Prove that two distinct numbers of the form $a^{2^{n}} + 1$ and $a^{2^{m}} + 1$ are relatively prime if $a$ is even and have $\gcd=2$ if $a$ is odd

Question

Prove that two distinct numbers of the form $a^{2^{n}} + 1$ and $a^{2^{m}} + 1$ are relatively prime if $a$ is even and have $\gcd=2$ if $a$ is odd.

My attempt:
If $a$ is even, let $a = 2^{s}k$ for some integers $k, s$
Then, $$a^{2^{n}} + 1 = 2^{2^{n}s}\cdot k^{2^n} + 1$$ and $$a^{2^{m}} + 1 = 2^{2^{m}s}\cdot k^{2^m} + 1$$ To prove that they're relatively prime, we need to show that their gcd = 1. And I was stuck here, how could I prove that gcd of two numbers is $1$?

A hint would be sufficient. Thanks.

Answer 1

If $x = -1 \mod p$, then $x^{2^n} = 1 \mod p$.

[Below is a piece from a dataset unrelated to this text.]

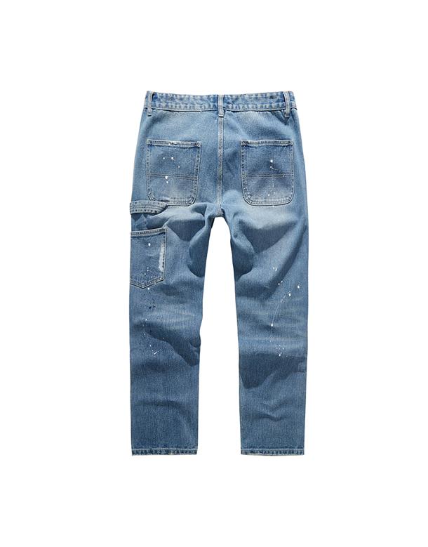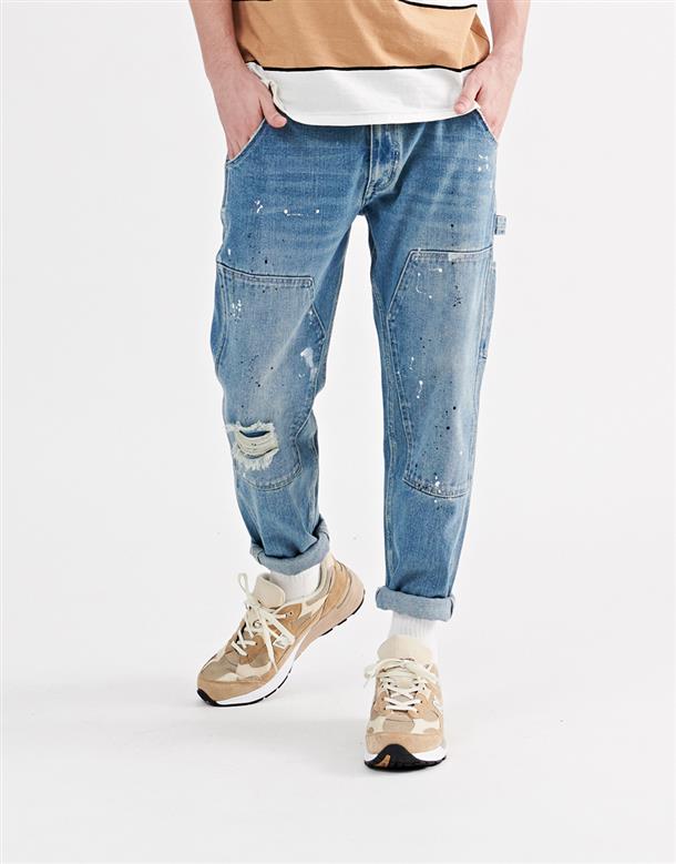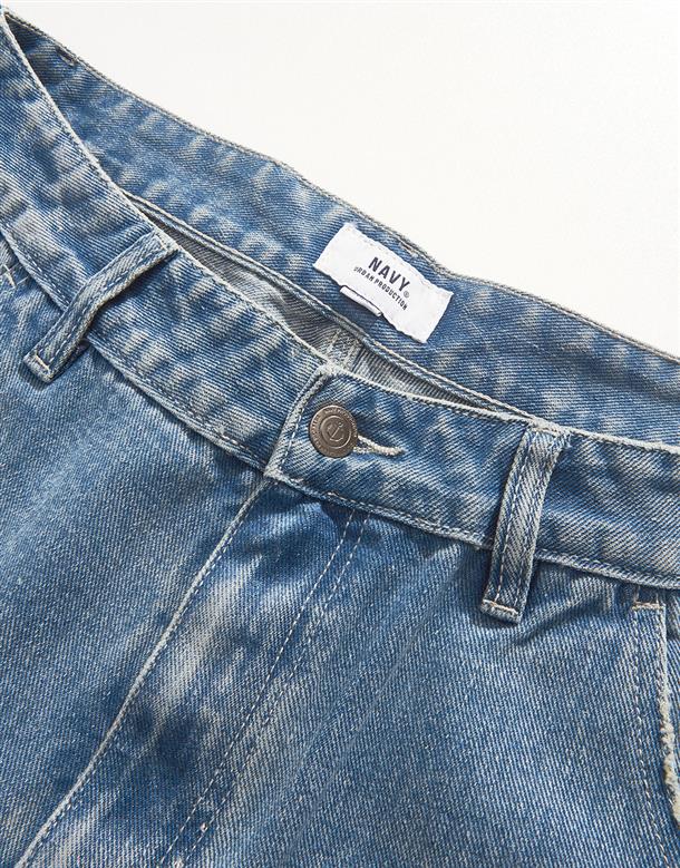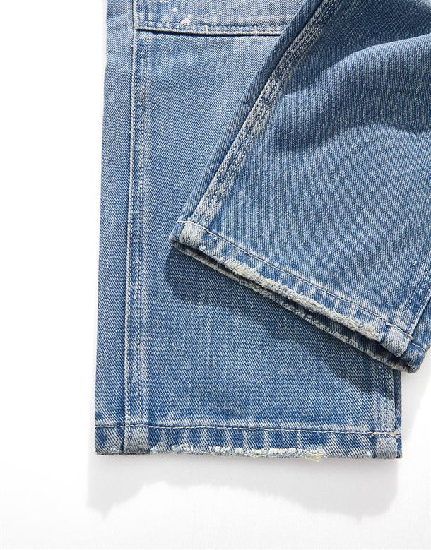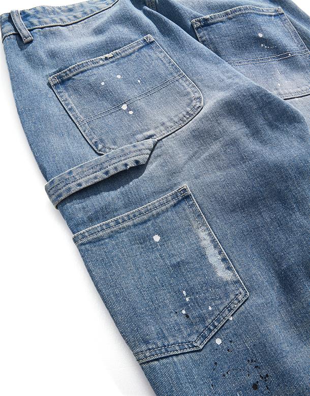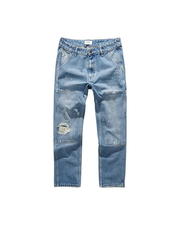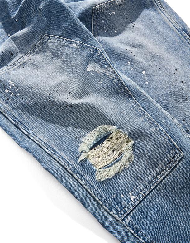 外貼剪接造型破壞潑漆設計,闊腿牛仔刷色褲。

Assume $n \gt m$. So if $p$ divides $x + 1 = a^{2^m} + 1$, then, $a^{2^n} + 1 = x^{2^{n-m}} + 1 = 1 + 1 = 2 \mod p$.

Answer 2

Hint:

Consider the following proof when $a=2$: https://planetmath.org/fermatnumbersarecoprime

Try adapting it to work for all $a$.

Hint 2: Factor $a^{2^n}-1$.

Answer 3

Proof $\ (A\!+\!1, A^{2K}\!\!+1)\,=\, (A\!+\!1,\ (-1)^{2K}\!+1) = (A\!+\!1,2),\, $ [OP is $ A = a^{\large 2^{\Large N}}\!\!,\,$ wlog $N\! <\! M$]

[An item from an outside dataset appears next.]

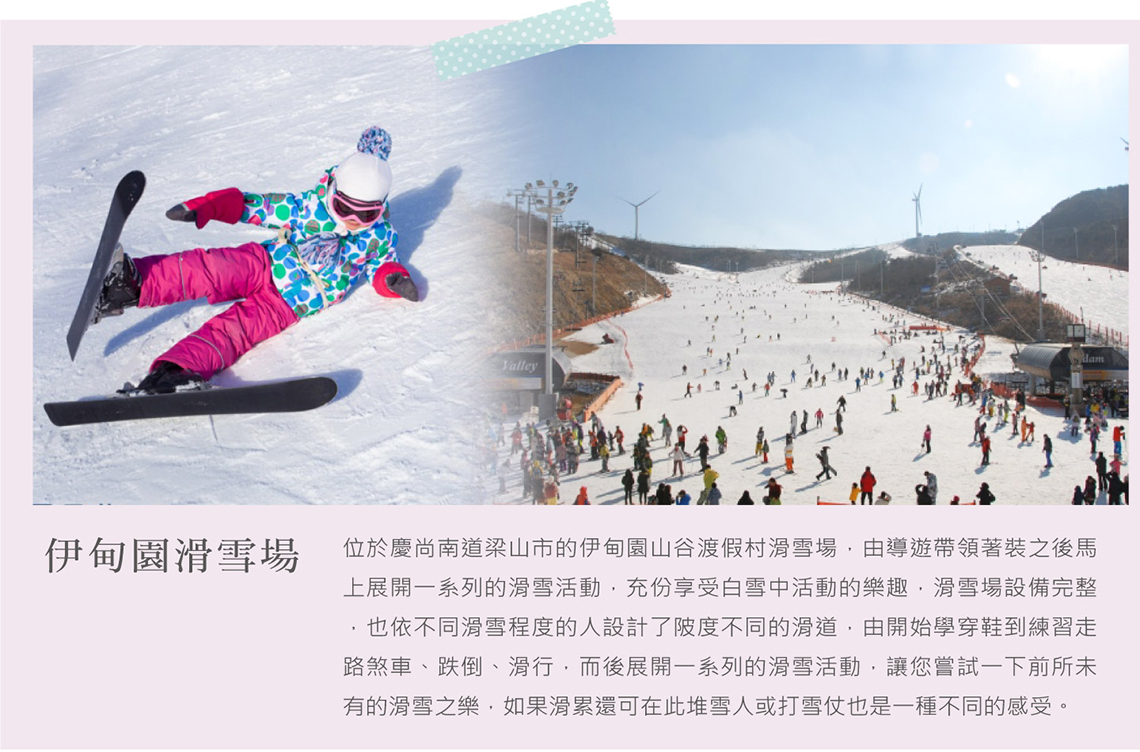 2. 滑雪時您可依個人需求自費租用雪衣、雪褲2項共約韓幣20,000元及雪鏡租用費約韓幣10,000元,或您亦可自行攜帶防水之禦寒衣物帽子以利滑雪時穿著保暖。
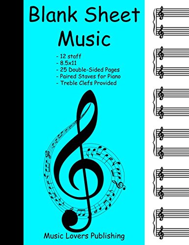 Blank Sheet Music: 12 Staves, Piano with Treble Clefs, Double-Sided Paper, 50 Pages Long full version

using $\,\ \ (A\!-\!n,\ \ F(A)\ )\, = \, (A\!-\!n,\ \ F(n) )\ $ for all polynomials $\ F(X)\in \mathbb Z[X],\ A,n\in \mathbb Z$

by $\!\bmod A\!-\!n\!:\ A\equiv n\,\Rightarrow\, F(A)\equiv F(n)\ $ by the Polynomial Congruence Rule, and

also by $\ (B,\ C)\ =\ (B,\ C \bmod B) = $ modular property of GCD (used in Euclidean algorithm)

Remark $\, $ For the general case $\ (a^m+1,a^n+1)\ $ see this answer.